Epcot Forever was a limited-time fireworks show that premiered on October 1, 2019, at Epcot. Epcot Forever served as an interim replacement for IllumiNations: Reflections of Earth until its long-term replacement, Harmonious, premiered in 2021. It took the form of a celebration of Epcot's musical history. The show celebrated the park's 37-year history, featuring fireworks, music, lighting, lasers, and special effects kites set to new arrangements of music originating from some of the park's classic attractions, such as Journey Into Imagination, Spaceship Earth, Soarin', Tapestry of Nations and Universe of Energy. The show was also made to celebrate the past, present, and future of Epcot.

The show closed on March 16, 2020, due to the COVID-19 pandemic, but reopened on June 29, 2021, alongside the return of the Happily Ever After fireworks show.
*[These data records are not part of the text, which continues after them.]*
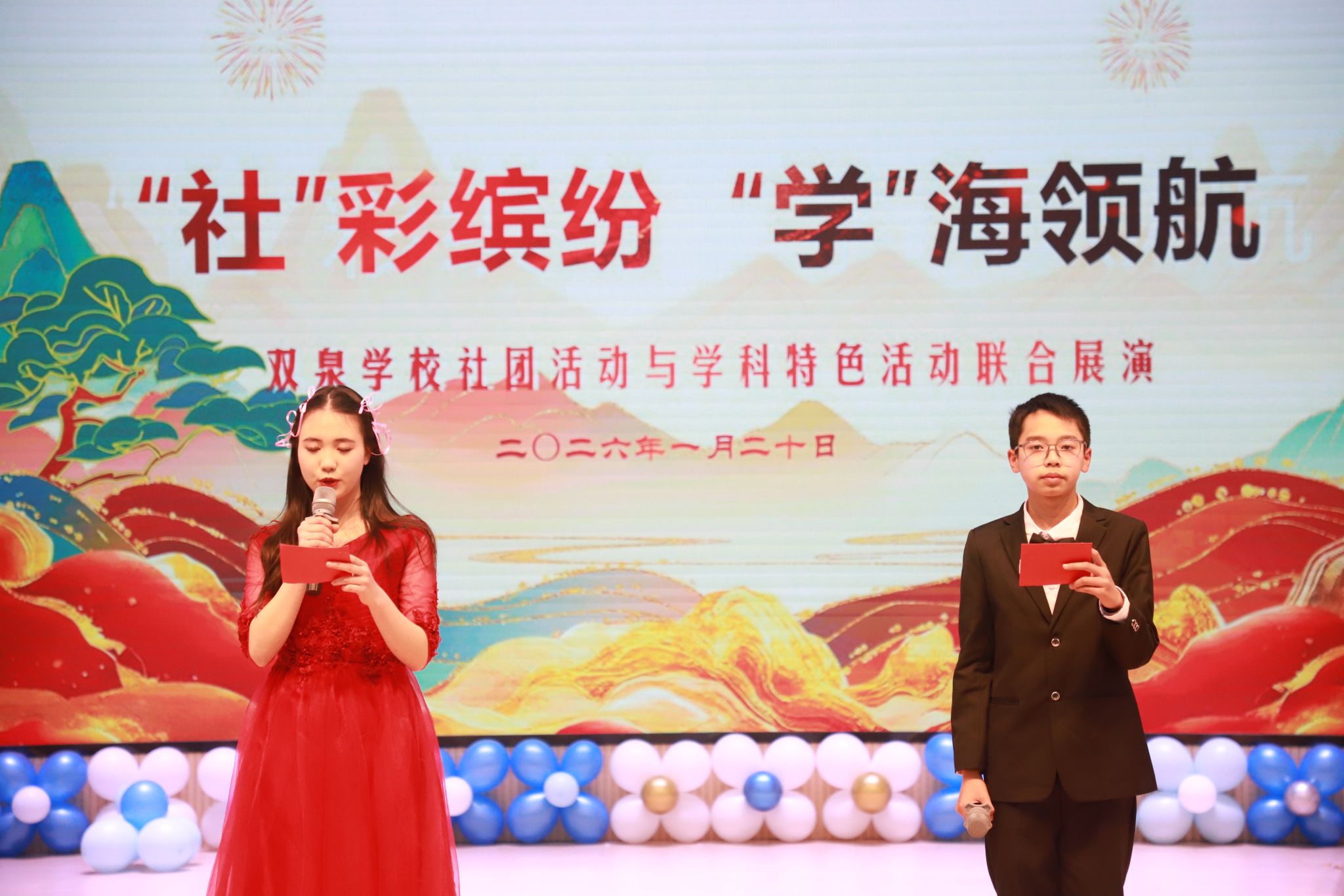 双泉学校初中部“社彩缤纷,学海领航”社团活动与学科特色活动联合展演于1.21日在学校报告厅温情启幕。学校领导、家长代表与全体师生齐聚一堂,共同见证这场融合学科素养与青春活力、交织传统底蕴与科创锋芒的教育盛宴,让素质教育的成果在舞台上绽放出最耀眼的光芒。
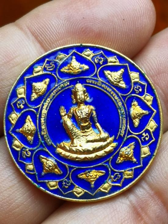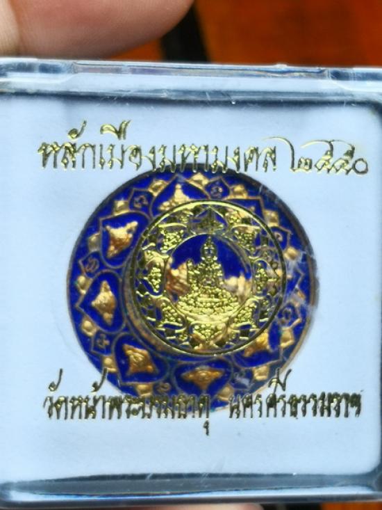 เหรียญจตุคาม รามเทพ เนื้อทองแดงกะไหล่ทองลงยาน้ำเงิน รุ่นหลักเมืองมหามงคล 50 ขนาด 3.2 ซม. พร้อมกล่องเดิมตามรูป ราคาเบาๆ |
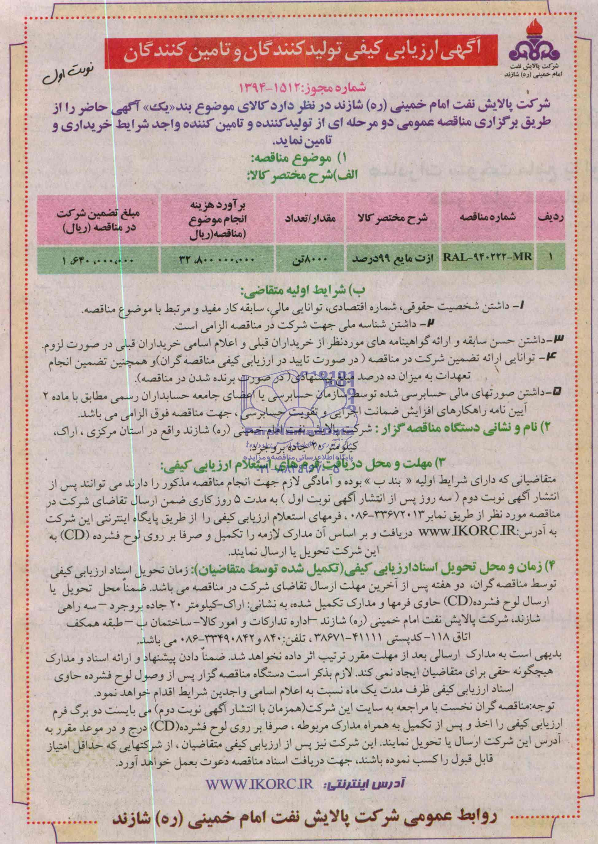 نام و نشانی دستگاه مناقصه گزار: شرکت پالایش نفت امام خمینی (ره) شازند واقع در استان مرکزی، اراک، کیلومتر 20 جاده بروجرد
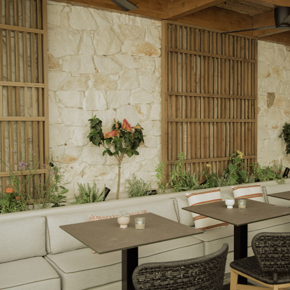 Η λιτότητα του λευκού και οι κρίσταλλοι του μαρμάρου Θάσου αποτελούν βασικά χαρακτηριστικά του Rock face, γι’ αυτό το συναντούμε συχνά σε μίνιμαλ αρχιτεκτονικές κατασκευές.
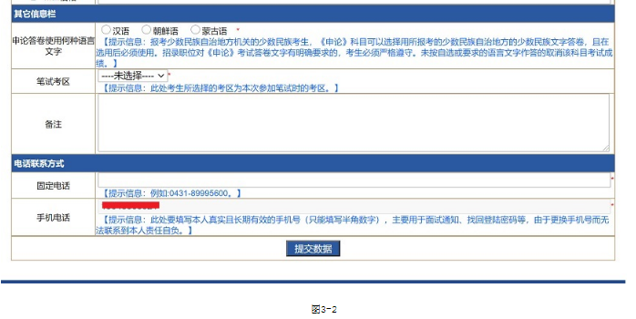 點(diǎn)擊圖3-1中‘報(bào)名資料填寫’按鈕會(huì)顯示如圖3-2頁面,考生填寫相應(yīng)的信息,帶有‘*’字樣的為必填項(xiàng),填寫完畢后點(diǎn)擊‘提交數(shù)據(jù)’即可。
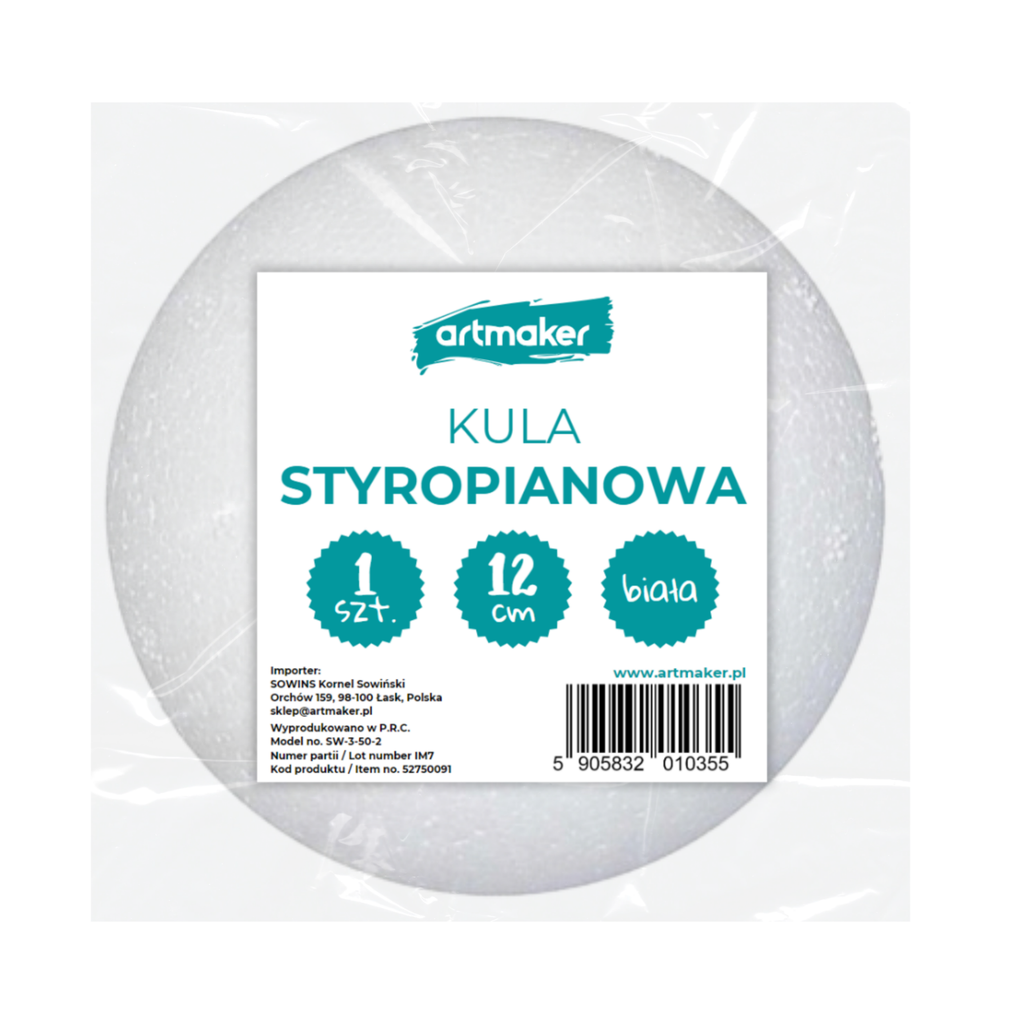 Ta biała styropianowa kula o średnicy 12 cm to doskonała podstawa do wielu kreatywnych pomysłów. Może być wykorzystana do tworzenia świątecznych ozdób, takich jak bombki, kule śnieżne, stroiki czy figurki. Gładka powierzchnia styropianu jest łatwa do malowania, oklejania i zdobienia, co czyni ją uniwersalnym materiałem do różnorodnych projektów DIY, zarówno dla dzieci, jak i dorosłych.
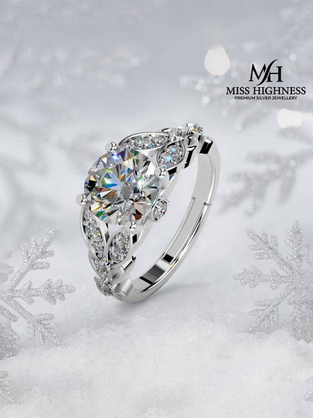 Miss Highness Floral Design Solitaire Diamond Adjustable Ring – Luxury Gift for Women & Girls, Sterling Silver Cubic Zirconia Rhodium Plated Ring
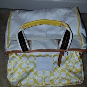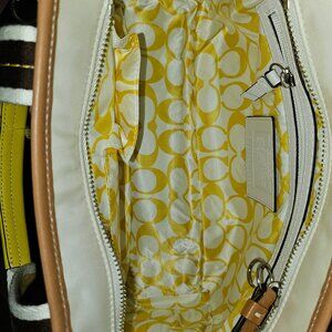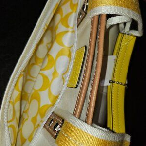 Authentic Coach NWT Hampton White Yellow Satin Tote
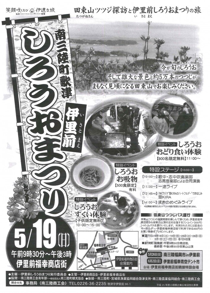 伊里前福幸商店街では今年も春の訪れを告げるしろうおまつりが開催されます
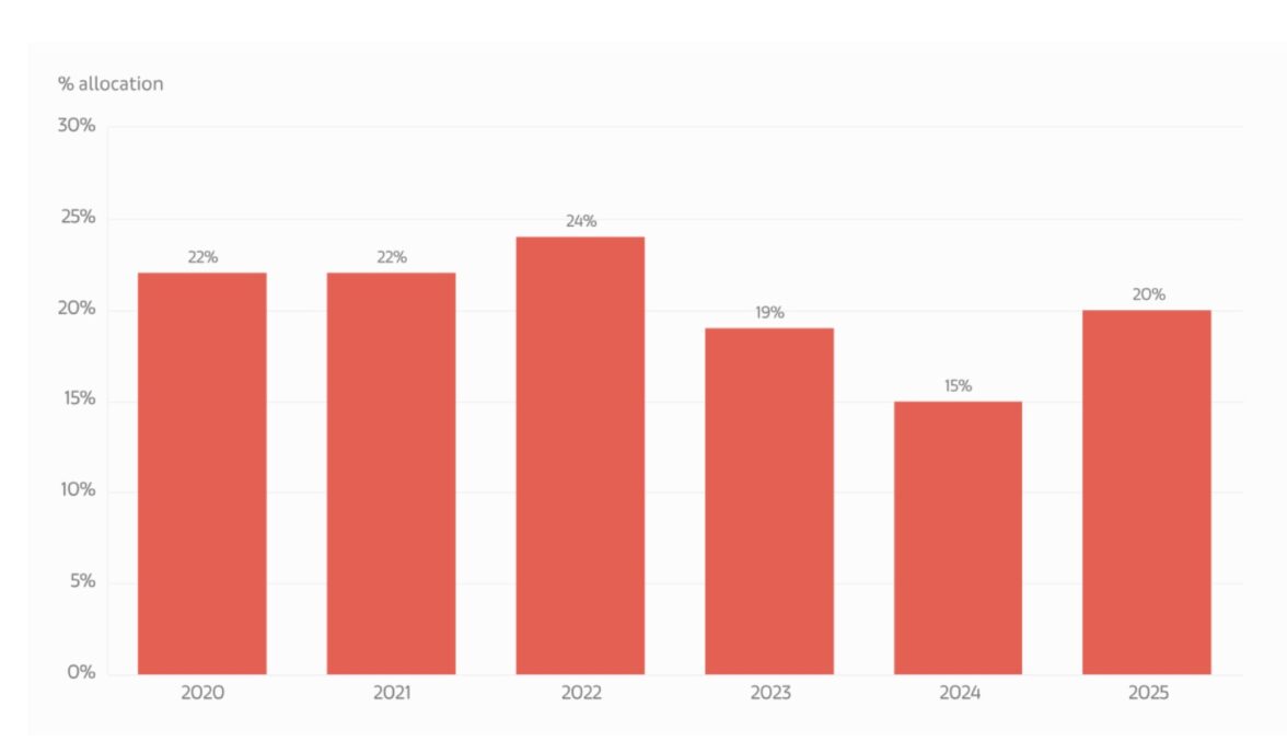 Люди с высоким достатком, они же лица с крупным капиталом, они же хайнеты (high-net-worth-individuals, HNWI), чей личный свободный капитал превышает $1 млн, вкладывают в коллекции значительную часть своего состояния. По сравнению с прошлым годом — больше. В 2025 году на коллекции приходилсь 20% их состояния, год назад — 15%.
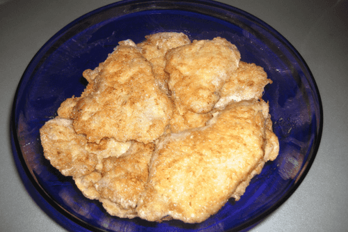 Каждый кусочек отбивной обвалять в манной крупе, затем в яйце и обжаривать на разогретой сковороде с двух сторон до золотистого цвета на среднем огне (по шкале электроплиты от 1 до 9 — на 6).
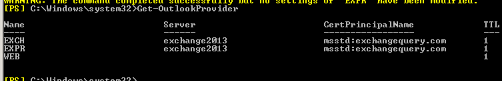 Set-OutlookProvider -Server exchange2013CAS EXCH -CertPrincipalName msstd:exchangequery.com
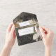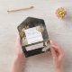 DISPONIBLE CON O SIN CÓDIGO QR O CON O SIN OPCIONES DE SELECCIÓN DE CENAS. Moderno y único, este diseño presenta un ramo de hierbas secas, flores y plantas de estilo boho sobre un suave fondo negro que ha estado angustiado con el oro del champán. Agregue un código QR a su invitación para que los visitantes puedan acceder rápidamente a su sitio Web boda para obtener detalles, direcciones, opciones de menú y más, o agregue la dirección URL Web del Registro de regalos. Las invitaciones todo en uno personalizadas son una combinación única de una invitación personalizado bien impresa y una postal RSVP fácil de desgarrar. ¡Y son tan fáciles de usar! Simplemente se pliega, después sella la solapa de atrás con los tres pegatinas claros incluidos y el correo. Y cuando sus invitados reciben la invitación de su personalizado, ¡simplemente sacan la tarjeta RSVP perforada y la envían de vuelta al correo!
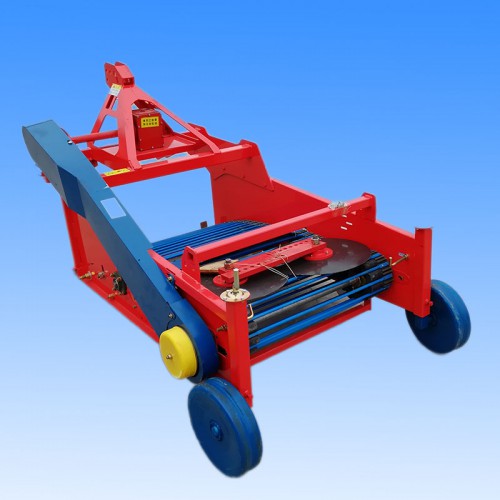 土豆收获机又名:马铃薯收获机、洋芋收获机、芋头收获机、地瓜收获机、地蛋收获机、土球收获机、红薯收获机、地蛋收获机、药材收获机。此机器与手扶拖拉机配套使用,配套动力为8-20马力。其工作原理是通过手扶或田园管理机的带动,挖掘铲将土及收获物挖起,通过振动筛使收获物与土壤实现分离。
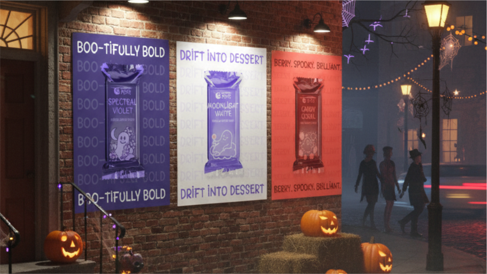 A premium, playful candy brand reimagining Halloween with modern minimalism, warmth, and charm.
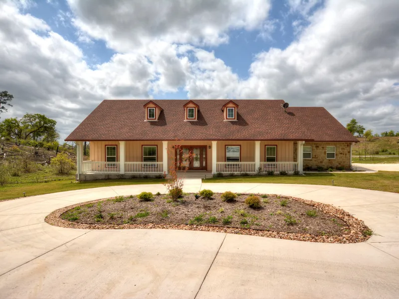 Texas Style Charmer! ~ Almost new, built in 2015 on 1.685 acre corner lot. Popular open floor plan which includes office/study, family room & spacious dining room. Huge kitchen with quartz counters w/ glass mosaic backsplash, center island w/ butcher block counter & extra storage. Abundance of oak cabinets. Engineered wood floors thru-out with ceramic tile in kitchen & baths. Dormers & covered front porch add charm. Circular drive in front, deck & chain link fence in back. Yard extends way beyond fence.

However, on January 10, 2023, Disney announced the show will temporarily return to Epcot beginning April 3, 2023 until December 4, 2023, as part of Disney's centennial celebration, replacing its successor, Harmonious, which then played its last show the night prior.

== Show summary ==

Epcot Forever is structured around medley of Epcot music and the voices of children quoting different attractions, with some archival audio of Walt Disney from the EPCOT film also being incorporated into the opening and closing.

- Opening
  - "Legacy" (Epcot entrance plaza theme)
  - "One Little Spark" (from Journey into Imagination)
  - "We've Just Begun to Dream" (from EPCOT Center Grand Opening)
- Act I: Innovation ("Welcome to the future... or, should I say, your future!" – Spaceship Earth)
  - "New Horizons" (from Horizons)
  - "Universe of Energy" (from Universe of Energy)
  - "Listen to the Land" (from Listen to the Land)
  - "New Horizons" (reprise, from Horizons)
- Act II: Exploration ("Soarin' to tower, we are ready for takeoff!" – Soarin')
  - "Tomorrow's Child" (from Spaceship Earth)
  - "Soarin' Over California" (from Soarin')
  - "Magic Journeys" (from Magic Journeys)
  - "Tomorrow's Child" (reprise, from Spaceship Earth)
- Act III: Imagination ("And so, as you can plainly see, imagination works best when it's set free!" – Journey Into Imagination)
  - "One Little Spark" (reprise, from Journey into Imagination with Figment)
  - "Makin' Memories" (from Magic Journeys pre-show)
  - "Veggie, Veggie, Fruit, Fruit" (from Kitchen Kabaret)
  - "It's Fun to Be Free" (from World of Motion)
- Act IV: Celebration ("May peace go with you forever and ever as you celebrate the future hand in hand" – Tapestry of Nations)
  - "Tapestry of Nations" (from Tapestry of Nations)
  - "Golden Dream" (from The American Adventure)
  - "Celebrate the Future Hand in Hand" (from the Walt Disney World Millennium Celebration)
- Act V: Finale
  - "One Little Spark" (reprise with new lyrics, from Journey into Imagination with Figment)
  - "A Whole New World" (from Aladdin)

==Special editions ==

=== New Year's Eve Countdown Edition ===
On December 31, 2019, this segment continued to be used after IllumiNations: Reflections of Earth, which is the tag returned on New Year's Eve 2020.

=== Fourth of July ===
On July 4, 2023, the Independence Day tag as titled The Heartbeat of Freedom that was used from 2006 to 2019 for IllumiNations: Reflections of Earth and 2022 for Harmonious was used once again after the show's regular performance, which is part of The Walt Disney Company's centennial celebration.